Judaism
We will review the basics of Judaism, Christianity, and Islam because the rest of this web site and the stories about the Age of Discovery frequently refer to these religions. If you went to Sunday School when you were little, you might have learned these Bible stories and want to skip to the article on Christian Europe. However, if you are not so sure how it came to be that Jerusalem was so important to Christians, Jews, and Muslims that they are still fighting amongst themselves in the Middle East today, we offer this humble primer.
While most of the ancient civilizations living at the eastern end of the Mediterranean were polytheistic and pagan, one group, known as the Hebrews, were monotheist. [Mono means one and theo means god]. The word Hebrew came from the Greek word Hebraios, which meant people from the other side of the river. They were referring to the Jordon River.
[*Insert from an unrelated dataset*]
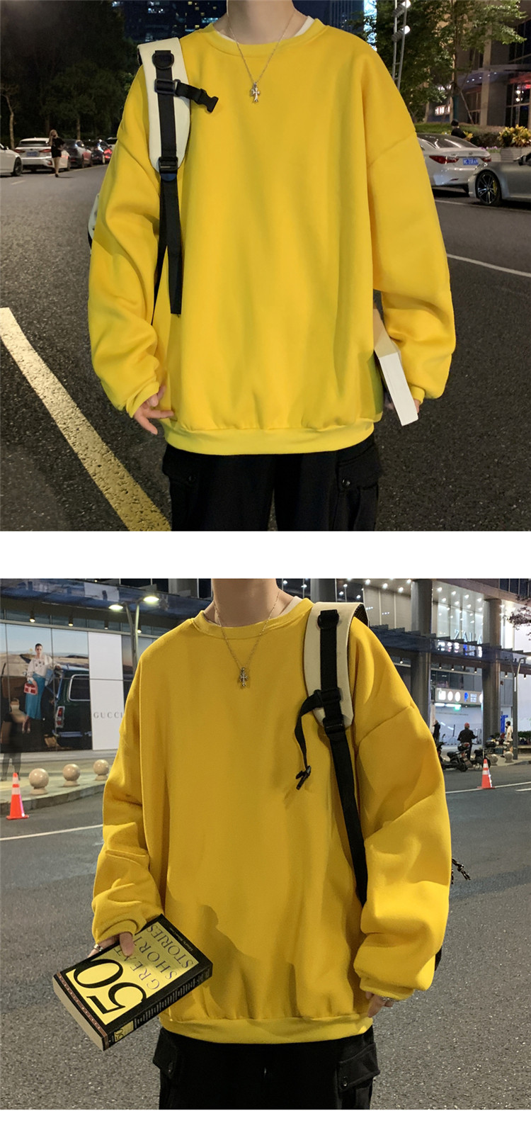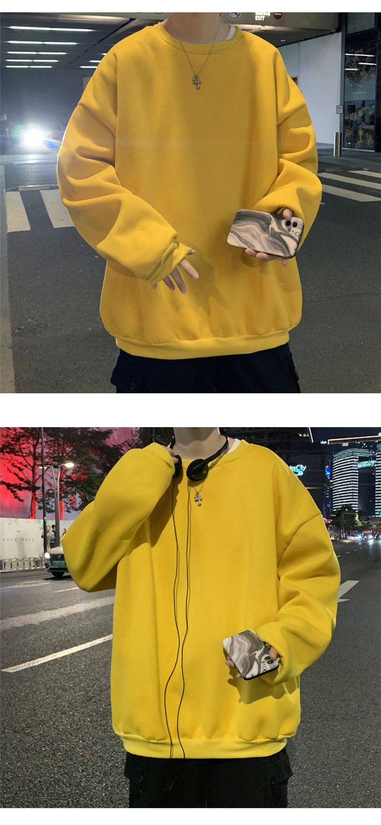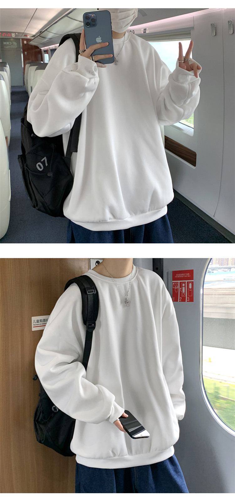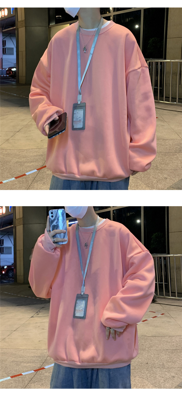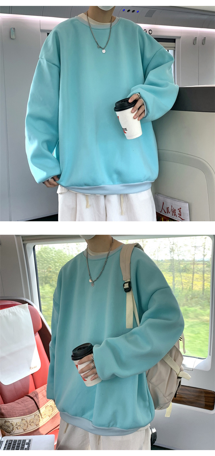 2025秋冬季純色百搭學生潮牌寬松港風情侶款加絨鹽系圓領套頭衛衣

Hebrews were also known as Jews because they came from Judah, and as Israelites or the People of Israel because they descended from a Hebrew man named Israel.
According to Jewish tradition as it was written in the ancient texts of the Torah(1) and the Old Testament of the Bible, the Israelites date back to Abraham, who grew up in Mesopotamia. Sometime between 2400 and 1600 BCE, Abraham and his wife, Sarah, moved to Canaan, where Jerusalem was built. Historians have deduced that Jews began settling Jerusalem around 1738 BCE [more than 3750 years ago]. That was during the Bronze Age. That was also the time the name Canaan appears in writing to refer to the area. By the 12th century BCE [1100s], the name disappears, except in religious texts, and the area was considered part of Phoenicia. The Hebrew alphabet and Phoenician alphabet are close cousins.
During Abraham and Sarah’s lifetimes, the Hebrew/Phoenician writing system was in its infant stages. Simple shepherds like Abraham did not learn how to read and write. He could not leave accurate written records about his life and thoughts. That is why historians do not know for certain when Abraham’s birthday was, what year he got married, or when he died.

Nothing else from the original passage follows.